Monday, October 17, 2016

The Capsule Reviews of October: Part 2

I'll try to do the other new films I watched this week tomorrow. I'm just too tired, you guys.

Grizzly (d, William Girdler) - What can one say about this film, one of the most infamous and egregious Jaws rip-offs, that it doesn't already sort of say about itself while you're watching it? Directed by William Girdler, who would die just two years later in a helicopter crash at the age of thirty, after completing Manitou, one of the weirdest ostensibly mainstream horror films you'll find, Grizzly wears its thieving nature on its sleeve: it stars Christopher George as a park ranger named Michael Kelly who wants his forest shut off to the public until he can catch the apparently 15-foot-tall grizzly bear that recently killed a couple of, campers. Attempts to thwart these safety measures come from the park supervisor (Joe Dorsey), who knows that camping means big money. A frustrated Kelly gets help from Allison Corwin, the woman he's courting (Joan McCall) and his employees, as well as from his old buddy, an eccentric naturalist named Arthur Scott (Richard Jaeckel) and Don Stober (Andrew Prine), a helicopter pilot.

So Kelly is Chief Brody, except this time around he's kind of a dick. He's patronizing, condescending, and sarcastic, without the one possible upside of actually being any funny at all. He also seems to suck at his job. After a third person is killed by the bear, Kelly, who we've seen find dead bodies and fret about it, fumes to Allison "There's something I'm not doing!" You mean anything? And if Kelly is Brody, then Scott is both Quint and Hooper -- he has the reckless unpredictability of Quint and the scientific know-how of Hooper, and the oddly prolonged-into-anticlimax fate of, I don't know, somebody in Jaws 2 probably. Which leaves the helicopter pilot to be Hooper again, but a helicopter pilot this time around.

Grizzly is full of stupid shit and clumsiness -- at one point the bear swings his paw savagely at a victim (for a while, the paw is all we see of the animal) in a way, and at a height, that suggests the next thing we see will be a fake head spinning through the air. But instead we arm? The bear knocked somebody's arm off? And later, one of Kelly's park ranger employees, a woman, decides to take a break from looking for a giant killer bear and strip down to her underwear and stand under a waterfall, rubbing water all over her arms, as bathing women in movies so often do. But all I could think about was she didn't bring a towel. She just took off her uniform and piled it in the grass. When she's done bathing, she'll have no way to dry off. What was she planning to do, just put her clothes back on over her soaking wet body??? That is nonsense. In the end, it turned out not to matter, though, because while she was bathing she was murdered by a bear.

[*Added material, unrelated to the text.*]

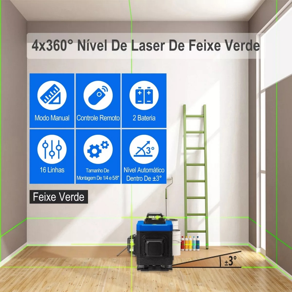 Nível A Laser 16 Linhas 4d Autonivelante+2 Baterias+Suporte
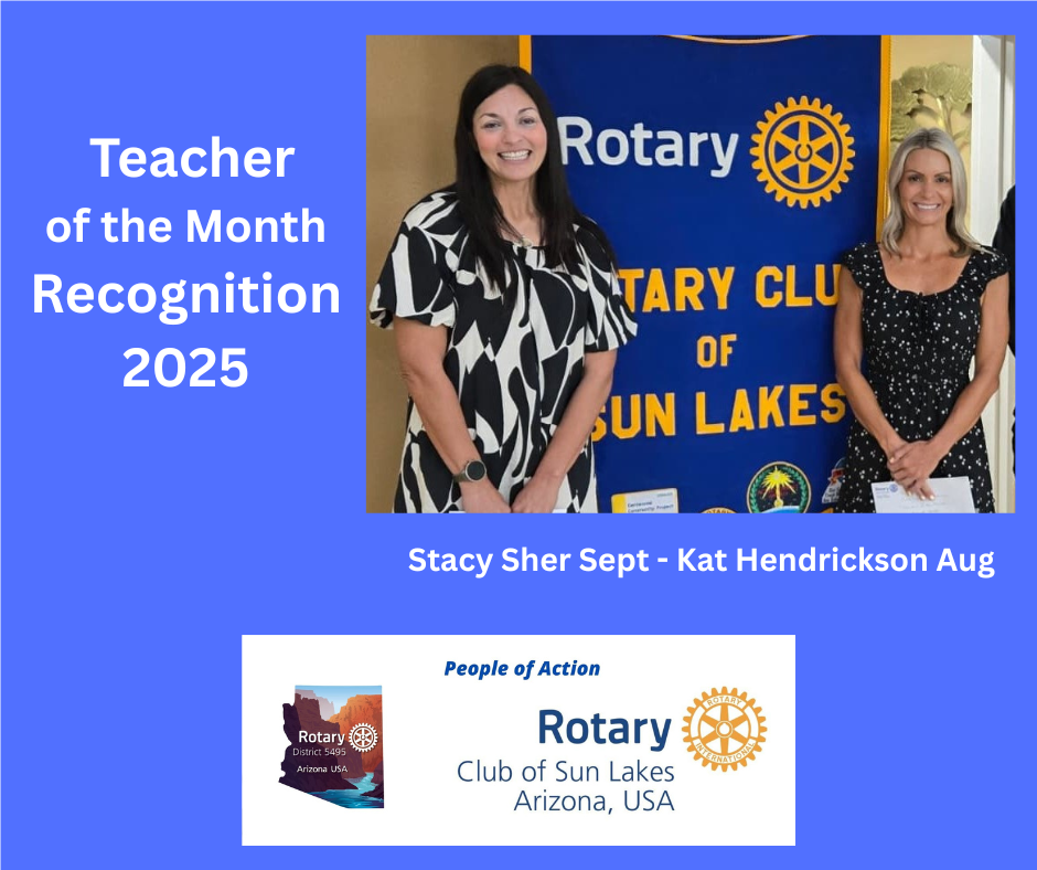 The Rotary Club of Sun Lakes (RCSL) named Kat Hendricksen August 2025 RCSL Teacher of the Month. Coach Hendricksen is Physical Education teacher at CUSD Carlson Elementary School. Coach Hendricksen has over 13 years of teaching experience after earning her Bachelor of Education degree at Northern Arizona University.

The Beast in the Cellar (d. James Kelly) - I'm not sure "festival" is the word I'd use, but this British horror film from 1970 sure is an odd one. Kelly, who like Girdler also died young, only made one more film after this, a thriller called What the Peeper Saw (I can guess!), but what reputation he has seems to rest in this story of a series of murders of soldiers stationed in rural England. Because this is a murder mystery (in theory, if not, finally, in practice) the killings have to be coyly filmed, and therefore, so the thinking apparently went, badly shot. It's all just 1970s shaky-cam, which doesn't become more interesting to watch the second, or third time.

What is interesting about The Beast in the Cellar is the focus on, and the performances by, Beryl Reid and Flora Robson, as a pair of spinster sisters whose bleak family history, and poor judgment stemming from social ignorance, has led to all this. I'm not sure why I'm being cagey about this, since the killer is obvious once you learn that the sisters have a family member imprisoned in their cellar. Bu Reid and Robson are pretty terrific (in Nightmare Movies, Kim Newman says that their commitment is wasted; maybe, maybe not, who can say), and they make the frankly dull murder stuff acceptable because the main business with the sisters is so off-kilter. Ultimately it brought to mind, a bit anyway, another 70s British horror film, Gary Sherman's (an American, but still) Raw Meat, aka Deathline from two years later. Sherman is more of a filmmaker than Kelly was, though. As engaging as the off-beat mood of The Beast in the Cellar can be, it nevertheless dumps the entire plot and motivation behind everything in one monologue that lasts a full fifteen minutes. Cutting that with brief flashbacks and other shit like that can't change the fact that this was probably the worst way to give the audience information possible.